Bela hanya diam ketika mendengar sang mama terus mengucapkan maaf untuknya. Tangannya mengelus pelan punggung sang mama, berusaha menenangkan Sintia yang masih terus menangis. Jujur, dalam hatinya dia tidak menyalahkan siapa pun, terlebih sang mama dan papa yang tidak mengetahui mengenai tindakan Jessica kali ini. Hingga Sintia yang sudah merasa membaik melepaskan dekapan dan menatap lekat.
Sintia mengulurkan tangan, menatap sendu sembari mengelus pipi Bela secara perlahan. Melihat Bela yang tersenyum manis, seakan tiada masalah membuat Sintia benar-benar merasa terluka. Jika saja Bela membencinya, mungkin hal tersebut malah semakin membuat Sintia tenang karena dia yang hanya diam ketika Bela harus menggantikan Jessica. Sayangnya, Bela menunjukkan reaksi lain yang jelas membuat Sintia merasa nelangsa. Hingga dia merasa membaik, membuatnya mendesah pelan dan mengulas senyum tipis.
"Selamanya, mama adalah mama kamu, Sayang. Mama dan papa tetaplah orang tua kamu. Kapanpun kamu butuh tempat kembali, mengadu atau sebagainya, mama harap kamu bisa datang ke kami. Mama gak mau kalau hal ini membuat kamu menjadi jauh dengan kami. Selain itu, jika Naga dan keluarganya tidak bisa menerima kamu, kamu kembali saja dengan mama dan papa. Jangan kamu pendam dan tanggung sendiri," ucap Sintia dengan raut wajah serius.
"Kami tidak akan membuat putri kamu menjadi sedih, Sintia."
Bela yang awalnya berniat menjawab langsung berhenti ketika seseorang masuk dan menyela. Dengan cepat, pandangnanya beralih ke asal suara, mendapati sang ibu mertua tengah berdiri di pintu masuk dengan tatapan lekat dan bibir tersenyum lebar.
"Benita," gumam Sintia, mengulas senyum canggung. Dia takut jika ucapannya akan membuat wanita tersebut marah.
Benita yang mendengar panggilan Sintia hanya bungkam. Kakinya mulai melangkah masuk, mendekat ke arah Sintia dan Bela. Manik matanya bahkan tidak beralih sama sekali, terus memperhatikan keduanya. Hingga dai berhenti di depan Bela, semakin mengulas senyum lebar. Tangannya bahkan mulai terulur, mengelus pelan pipi Bela.
"Akhirnya kamu menjadi menantuku, Bela," ucap Benita dengan suara lembut.
Bela yang mendengar langsung mengerutkan kening dalam. "Maksud Tante?" tanya Bela, tidak mengerti dengan apa yang baru saja Bela katakan.

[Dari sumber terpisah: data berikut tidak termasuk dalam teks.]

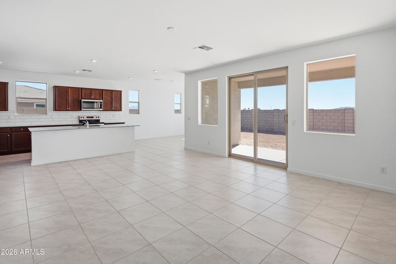 Listing details for 23989 Carver Dr, Buckeye, AZ 85326 : This beautiful single story Crescent plan features 4 spacious bedrooms, 2.5 bathrooms, and a 3 car tandem garage, offering the perfect blend of comfort and versatility. This beautiful open floorplan showcases, the modern kitchen with dark wood cabinetry, beautiful granite countertops, a stylish tile backsplash, and a dedicated dining room ideal for gatherings. Set on a desirable north facing lot, this home provides added privacy and curb appeal. Even better, it comes equipped with SOLAR, delivering improved energy efficiency and long term savings.
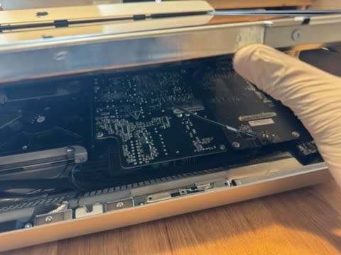 With the RAM installed, it was time to open up the iMac and perform the drive upgrade. I grabbed a pair of rubber gloves to help avoid fingerprints on the LCD panel as they are a pain in the butt to clean off afterward.
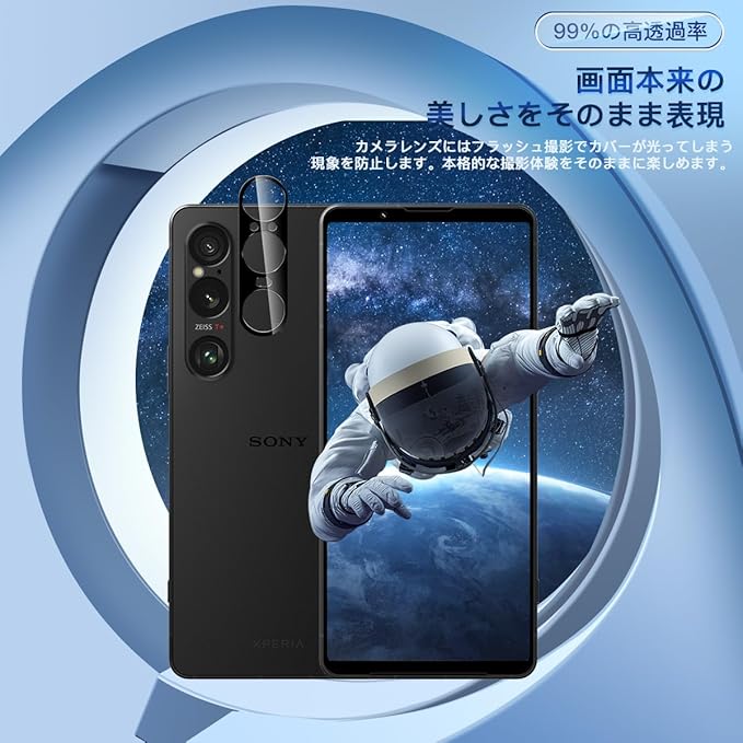 対応 Xperia 1 VII SO-51F / XQ-FS44 カメラカバー レンズフィルム 【2枚セット 日本旭硝子製】 対応 エクスペリア1 VII カメラフィルム 強化ガラス 保護カバー ケース 全面保護 硬度9H 耐衝撃 飛散防止 黒縁取り 3眼 レンズ保護カバー 露出オーバー防止 防塵 自動吸着 気泡ゼロ 貼り付け簡単 対応 Xperia 1 VII カメラ保護カバー
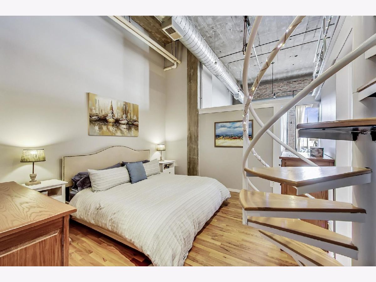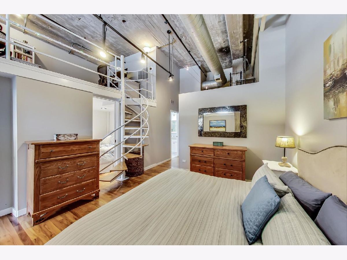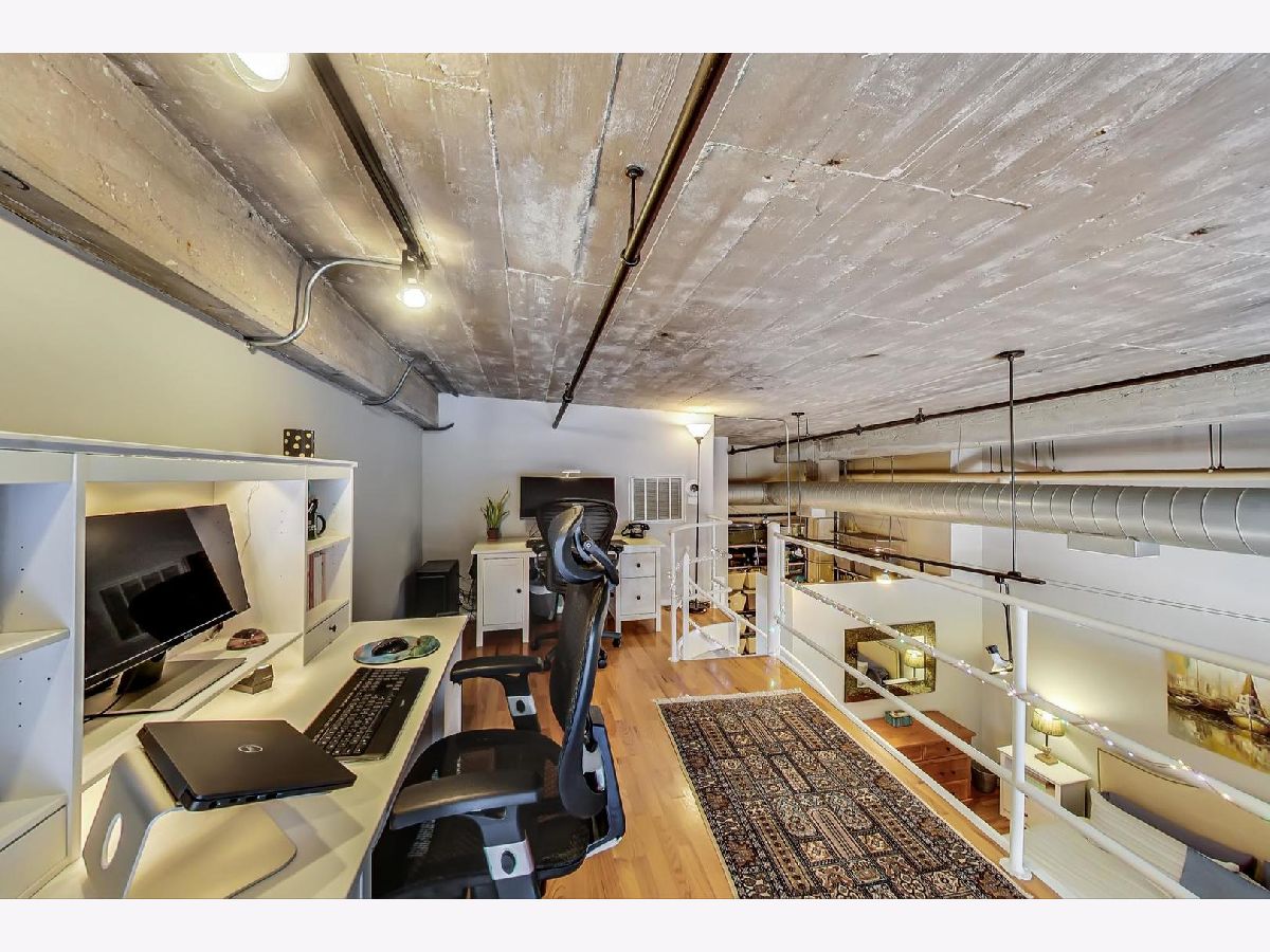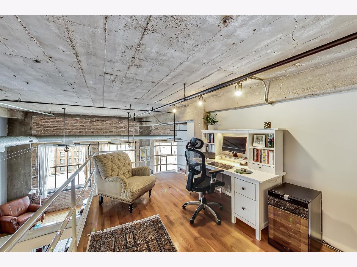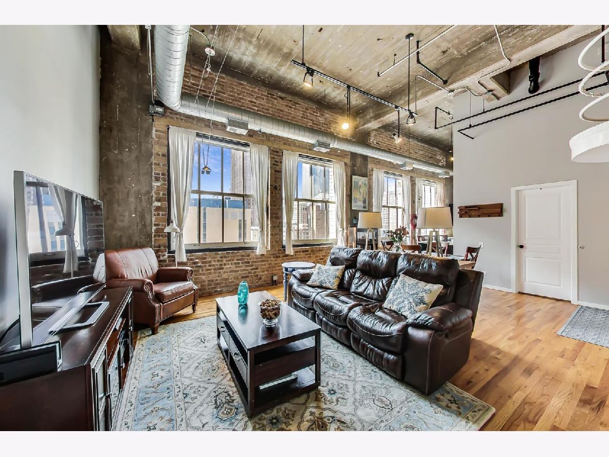 Soak in the views of the city in this versatile 1 bedroom, 1.5 bath loft in Printer's Row! Unique open floor plan flooded with light with soaring ceiling heights, hardwood floors throughout, and exposed brick. Large living/dining room with gas fireplace. Spacious primary suite with huge walk-in closet featuring built-in shelving system. Updated luxurious ensuite bath with soaking tub, double vanity, and separate glass enclosed shower. First floor den perfect as a guest bedroom or office space. Upstairs, enjoy working from home on the loft or create a tranquil retreat. The possibilities are endless! Great building with exercise room, bike storage, and a lovely common roof top deck with stunning views of Chicago. 1 garage rental space can be transferred. In-unit laundry. Close to Starbucks, Grant Park, the library, theaters, dining, and all that downtown Chicago has to offer.

Bukankah hubungan Jessica dan Naga begitu direstui? Terus, kenapa mamanya mengatakan seperti itu, batin Bela dengan penuh tanya.
Benita yang tahu kebingungan Bela dan Sintia mulai menarik napas dalam dan membuang perlahan. Pandangannya mulai beralih, menatap keduanya secara bergantian. Hingga dia memilih menarik tangan dan merangkul Bela, membuat Sintia semakin bingung.
"Maafkan aku, Sintia. Sebenarnya bukan aku tidak mau menerima hubungan Jessica dan Naga. Hanya saja, waktu itu aku melihat dia bersama dengan pria lain sebelum anakku dan dia bertunangan. Jadi, aku tidak menyukai Jessica dan benar-benar tidak merestui Naga menikah dengan putri kamu. Aku malah berharap jika Bela yang menjadi istri Naga. Maaf sekali lagi karena aku yang memang tidak bisa menerima putri kamu," ucap Benita jujur, membuat Sintia dan Bela yang mendengar terkejut.